Tuesday, March 16, 2010

Standing Aside

Okay. Back to grousing at the media. The Seattle Times editorial board has a feature called "civil disagreements," in which two of their number make statements about something that's been in the news. Since each person has a couple of paragraphs to make their point, one after the other, it's a little bland. A point-counter point format would be more interesting. Oh, well.

But what gets to me about these is the cavalier way in which the topics are treated. One of the editors, Lynne Varner, seems prone to oversimplifying things, or not digging very deeply into them. In this exchange on the recent U.S. 9th Circuit Court of Appeals ruling concerning the Pledge of Allegiance, she states: "The divided court said the pledge doesn't violate the constitutional separation of church and state." (This ruling, she cheers, is "standing up for God.") But... that's not what the Los Angeles Times blog posting that she cites says.

In Thursday’s ruling, [...] the judges ruled 2-1 that Newdow and others who joined his lawsuit didn’t have standing to challenge the 1954 amendment to the pledge adding the words “under God” because no federal statute requires them to recite it.
Divided appeals court rules Pledge of Allegiance doesn't violate Constitution
Now, I'm not a lawyer, but even I know that the majority opinion, seems more to have dodged the question, than actually answered it. Ruling that plaintiffs don't have standing to bring a case doesn't speak at all to the merits of said case.

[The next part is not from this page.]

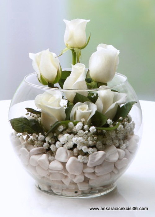 Akvaryum cam vazoda 7 Adet beyaz gül tasarımı
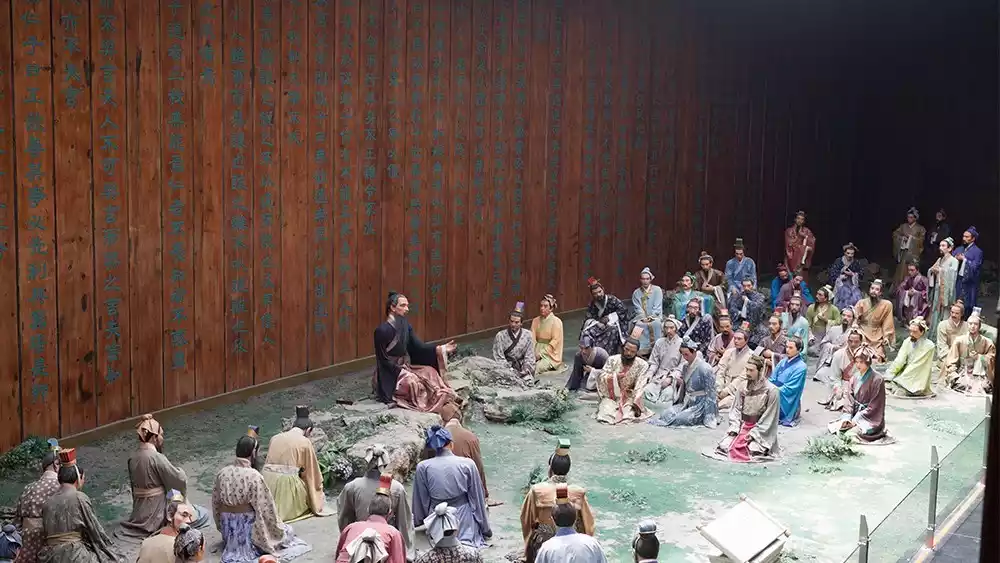 Located at 15 Chunqiu Road in Qufu's Nanxin District, the Confucius Six Arts City, like its name, showcases Confucius' six arts: ritual, music, archery, charioteering, calligraphy, and mathematics. While its decor reflects a period charm, the building is a truly modern creation, utilizing high-tech technologies like sound, light, and electricity to create lighting effects not possible in ancient buildings.

I'm crabby about this because topics like this aren't entirely trivial. Non-Christians in this country often feel that the majority is out to marginalize them, and are perfectly willing to ignore the Establishment Clause when it suits them to do so, while being constantly on the lookout for any government action that they feel does them short shrift. It's important that when such things are discussed in the media, that they're accurately portrayed, so that we, as the public can enter the discussion knowing what we're talking about.